> **ASSIGNMENT**
From start to end, write out the following data exactly, apart from its images.

> **INPUT DATA**

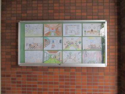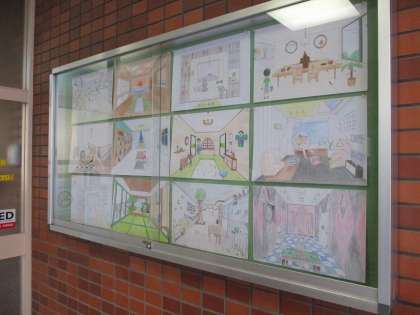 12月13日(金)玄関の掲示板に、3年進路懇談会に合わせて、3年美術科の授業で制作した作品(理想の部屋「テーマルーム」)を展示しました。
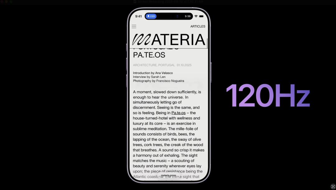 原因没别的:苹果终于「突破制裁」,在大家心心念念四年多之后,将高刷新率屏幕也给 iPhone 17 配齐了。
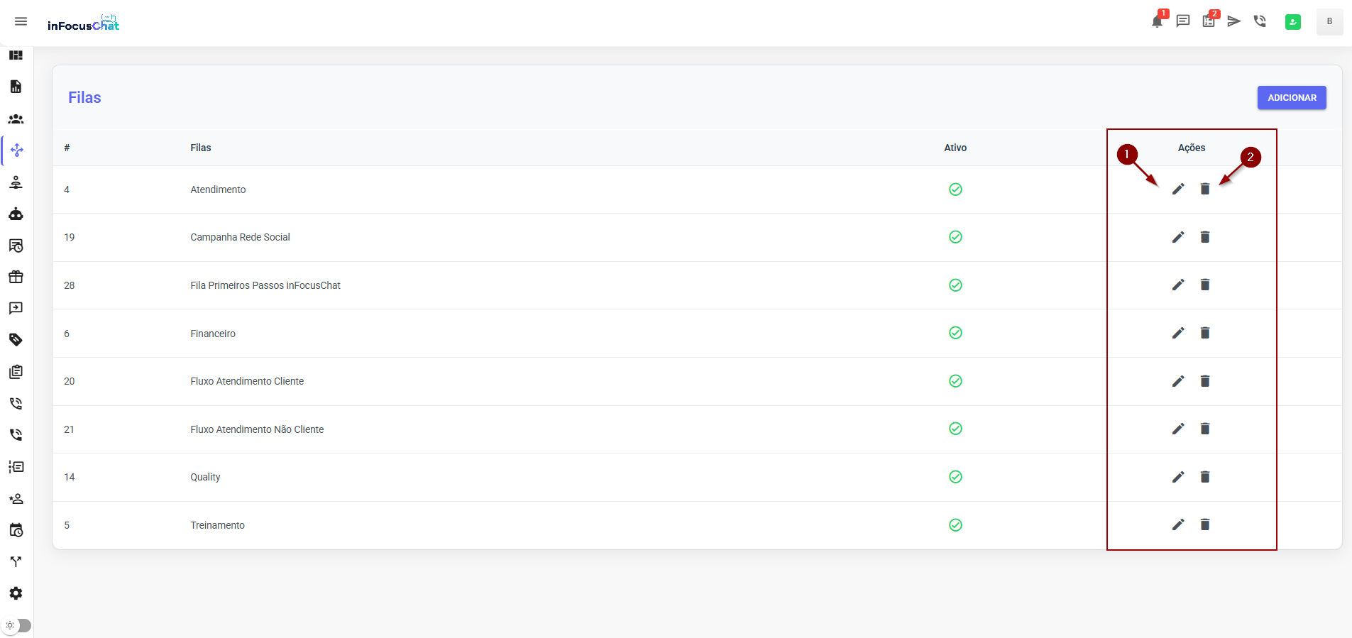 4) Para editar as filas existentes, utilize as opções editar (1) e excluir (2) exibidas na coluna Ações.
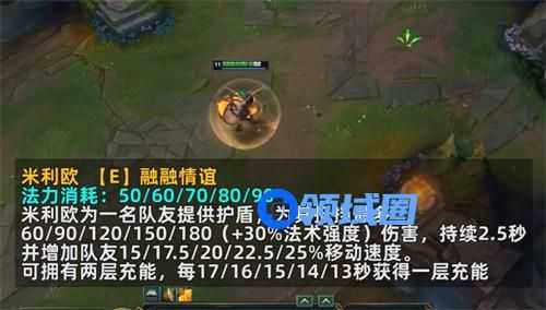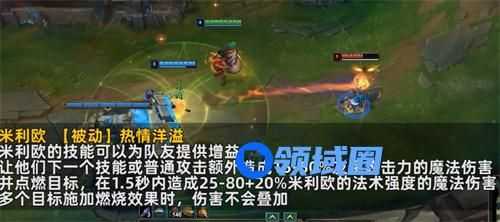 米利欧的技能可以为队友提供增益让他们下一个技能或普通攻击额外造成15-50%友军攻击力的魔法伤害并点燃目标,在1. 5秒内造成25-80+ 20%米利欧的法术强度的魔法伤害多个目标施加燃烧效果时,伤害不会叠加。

> **RESPONSE TO THIS TASK**
 12月13日(金)玄関の掲示板に、3年進路懇談会に合わせて、3年美術科の授業で制作した作品(理想の部屋「テーマルーム」)を展示しました。
 原因没别的:苹果终于「突破制裁」,在大家心心念念四年多之后,将高刷新率屏幕也给 iPhone 17 配齐了。
 4) Para editar as filas existentes, utilize as opções editar (1) e excluir (2) exibidas na coluna Ações.
 米利欧的技能可以为队友提供增益让他们下一个技能或普通攻击额外造成15-50%友军攻击力的魔法伤害并点燃目标,在1. 5秒内造成25-80+ 20%米利欧的法术强度的魔法伤害多个目标施加燃烧效果时,伤害不会叠加。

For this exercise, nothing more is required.